At close, the currency settled at 280.16, a gain of Re0.06 against the greenback.
On Thursday, the rupee had closed at 280.22.
Internationally, the US dollar was headed for a steady week on Friday and a quarterly loss next week as concerns about tariffs slowing US growth have pushed down US yields, stocks, and the currency.
The euro, at just below $1.08, was headed for its largest quarterly rise in more than a year, gaining more than 4% since the start of 2025 on a combination of peace prospects in Ukraine, dollar weakness, and a leap in benchmark German yields.
The yen was marginally firmer and set for a quarterly gain just under 4%, at 151.19 per dollar – mostly unruffled by a sticky Tokyo CPI reading.
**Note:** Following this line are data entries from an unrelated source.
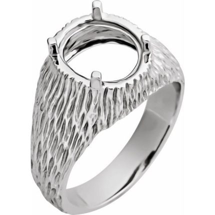 Sterling Silver 12×10 mm Emerald Ridged Cabochon Ring Mounting
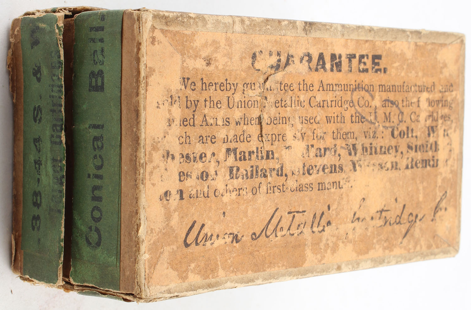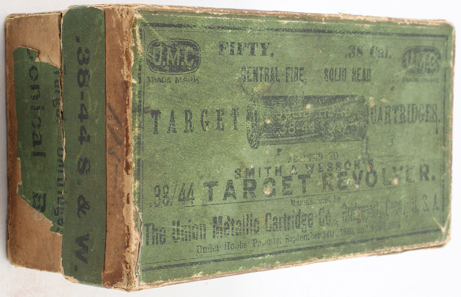 UMC, Target Cartridges, .38-44 Smith & Wesson, Solid Head Central Fire, Conical Ball, Partial 10rds. 1pc. Buff box with green top & side sealing label, box has age soiling, scuffing, edge & corner wear, top has seam splits to corners, side label is about 50% intact, ammo is very good. Grade: Good ++ - Value: 10 to 60
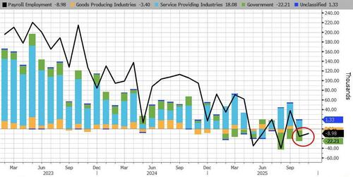 Yet another alternative labor market signal points to weakness (more in line with ADP’s job losses) as Revelio shows 9k job losses in November…
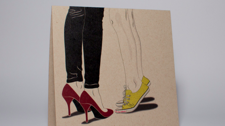 With an interest in creating a dialogue to break the mould and represent all genders equally, Vancouver artist, Sarita Mann has designed non-traditional Valentine's cards. Mann's cards portray her own illustrations, and in this case, for her lesbian and gay Valentine's cards she has shown only the bottom half of the couple where you can only see their legs and feet. The ladies card is exceptionally adorable with one girl in heels and the other in a pair of sneakers standing on her tippy toes - perhaps reaching for that Valentine's kiss. Going along with the same concept, Mann has also created a 'his & hers' card named 'Kisses & Kicks'.
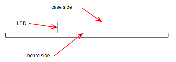 The side of the component touching the PCB material is the board side, and the board node is at the center of the board surface of the component. The opposite side is the case side.

Later on Friday, France and Spain publish preliminary inflation figures and the US gets February figures for the Federal Reserve’s preferred core PCE inflation gauge.
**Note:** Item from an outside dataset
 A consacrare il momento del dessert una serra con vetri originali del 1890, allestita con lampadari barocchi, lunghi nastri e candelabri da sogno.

Anything softer than the 0.3% month-on-month rise, which economists polled by Reuters expect, could keep downward pressure on the dollar and U.S. interest rates.
However, traders are on edge about US President Donald Trump’s pledge to announce sweeping new tariffs next week, which could contain trade into the weekend. He already said 25% levies on imported cars would take effect on April 3.
Oil prices, a key indicator of currency parity, retreated on Friday amid tariff-related demand concerns but headed for a third weekly gain on a tightening global supply outlook after the US placed more pressure on Venezuelan and Iranian oil trade.
Brent crude futures lost 31 cents, or 0.4%, at $73.72 a barrel at 0742 GMT, falling for the first time after daily gains of seven consecutive sessions.
US West Texas Intermediate crude futures were down 33 cents, or 0.5%, to $69.59 a barrel.